I don't expect any more changes like this for a long time... I think we're through the bumpy change period.
One last question then related to this, once I rebuild my resources using the new clean install from the quick start, is there any reason I can't use this instance in a small production workload?
To clarify, I'm looking to use this on my internal network and a couple of small point-to-point pairings out in the wild to be able to get some real time experience with it. But what I don't want to do is run into another spot where I need to rebuild it or do a major overhaul to the certificates or anything like that.
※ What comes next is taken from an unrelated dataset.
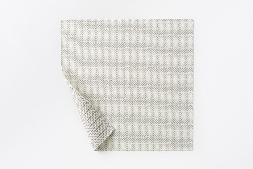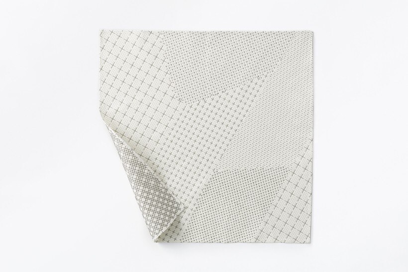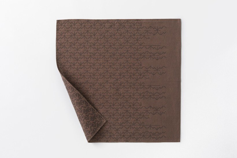 Nendo ha deciso di lavorare con un aspetto della produzione dell’impresa completamente diverso e di solito trascurato: i panni che Hosoo usa per avvolgere le sue preziose sete preziose. Sviluppando un nuovo modello basato sulla tecnica del telo sashiko-ori, in cui il tessuto imita ricamo, Nendo ha cercato di introdurre un nuovo pubblico al mondo tradizionalmente esclusivo del Nishijin.

I'll be honest, this little weekend of issues force me to evaluate some other options even though I really didn't want to. I know there is stability in the commercial product, but if I'm really looking for a self-hosted solution and the commercial product for cases where I need that extra support that I can't provide on my own.
Certainly no reason. While the original goal of the quickstart was, and remains, an educational vehicle, the defaults are all sensible and inline with best practices. The PKI is arguably overly complex, but in practice plenty of people run the quickstart in their production setups. Also note that the quickstart's main benefit is in generating the PKI and initial configuration and these are things that in practice, change little. I don't see any problems at all.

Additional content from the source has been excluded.